Initial similarities with Beatles and other mid-Sixties British groups quickly disappear. There's a lot of John Lennon in "I'm On Fire" and the weird arrangement of "Sincerely", but really, thei sound is so spare and polished that comparisions just slide right off it.
"Everybody always said they heard Searchers and Hollies and Zombies and things like that," says Dwight, "but I get none of that. No Searchers or Hollies song ever influenced me to tie my shoe. Some of their songs were okay, but if anybody influenced us besides the Beatles and Elvis, it was the Bee Gees."
Mainly, though, it seems to have been Elvis. The album's biggest surprise, to me, was "T.V", authentic rockabilly thumper based largely on "King Creole." After years of listening to hardly anything but the Beatles, Johnny Johnson turned Dwight and Phil onto the early Elvis things.
"We had never realized that he was actually as good as all the records he sold. For us, it was just like the Beatles had just come out, because we'd never heard any of that stuff before. He was as good as the Beatles; it was the same thing. There was no difference between the snare drum on Elvis and Beatles records. Elvis was the greatest singer, he looked better than anybody, he danced better than anybody, his songs were better than anybody's, and it was the same with the Beatles. Nothing else did anything for me. And I think we learned a lot from that."

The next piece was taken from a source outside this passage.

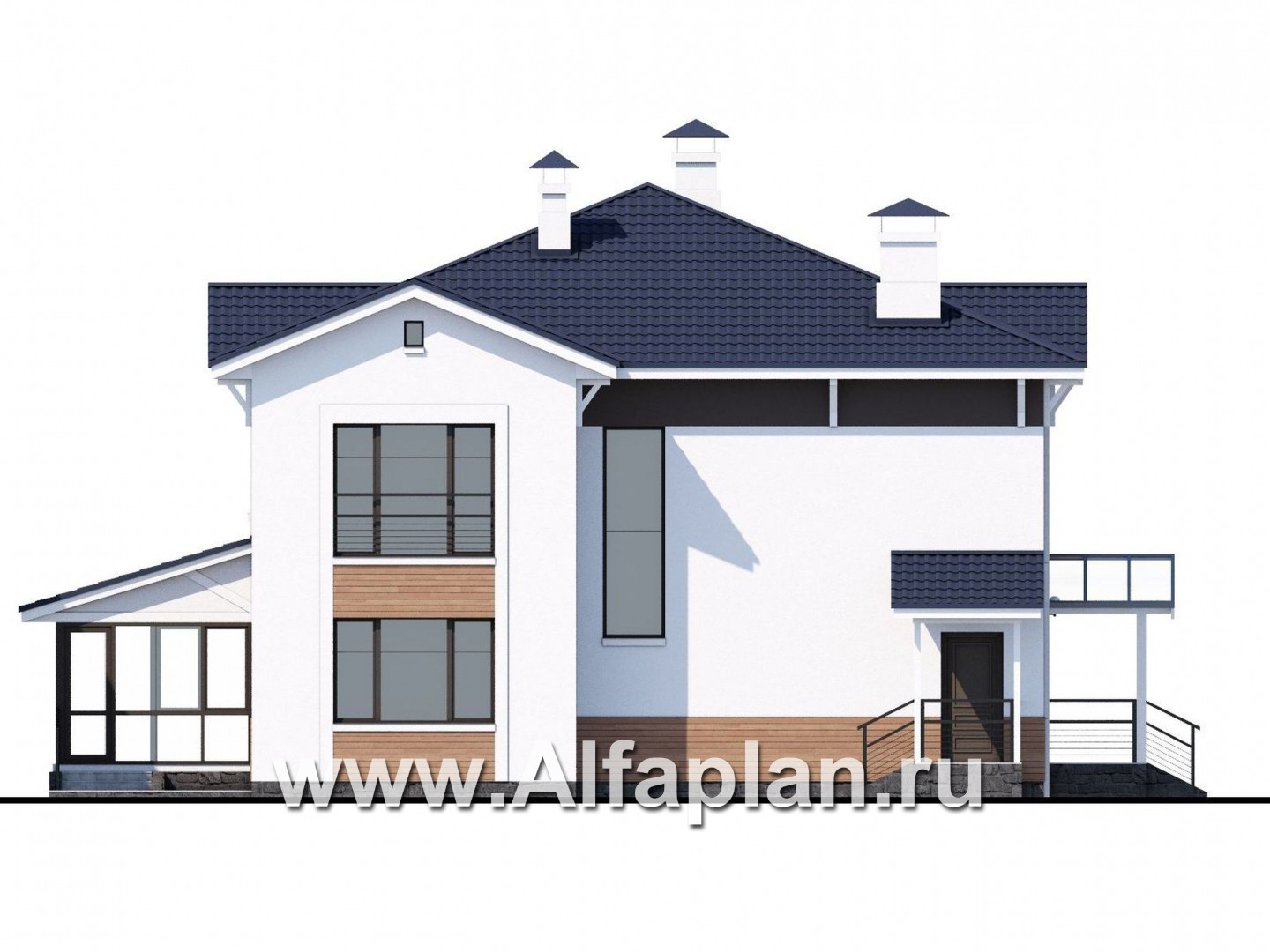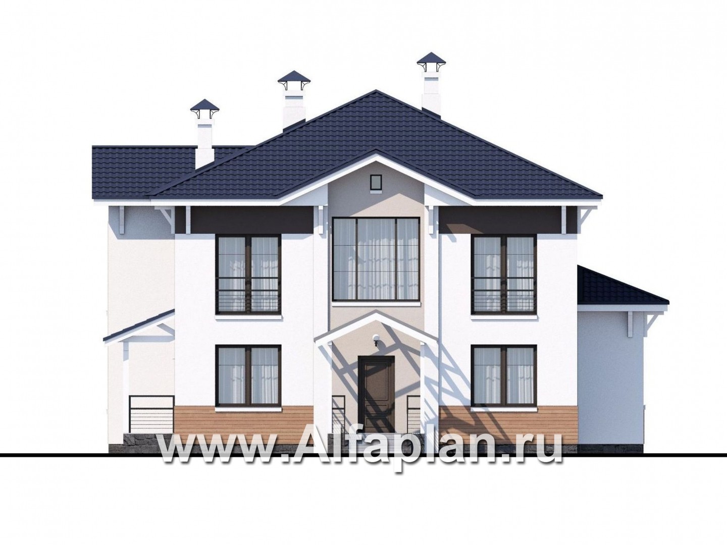 Этот проект дома из газобетона может быть реализован также с применением пенобетона или пустотного кирпича. При строительстве заказчику предлагается на выбор прямой проект или в зеркальном отражении.

The Elvis influence shows up in the emotional strength of Dwight's singing, in the simple bass-drums—one guitar sound of the record as a whole, and more specifically in songs like "T.V." and "Losing You", with its "One Night" guitar riff. Their ability to mix this with the subtleties of Beatle production and their own approach to echo, gentle harmonies, and evocative 12-string guitars, is what gives the group its style. The more you play the album, the more you grow to love the little touches that enrich each song. You find yourself asking, how can anything that sounds so plain and uncomplicated mask such complexity?
The Dwight Twilley Band is one of the healthiest things to happen to pop in the '70s. They grew up with the highest standards in rock & roll, and have dreamed of nothing less than creating a teenage sensation, pouring out waves of hit singles, enlisting legions of screaming teenage girls, and becoming the next phenomenon.
"When you start thinking about it," reflects Dwight, "there's really only one thing. It's the pop thing, the super-pop thing as we call it; it's a romantic ideal, but we're romantics, and going to the limit is what rock & roll is all about. We're gonna try and go all the way with it."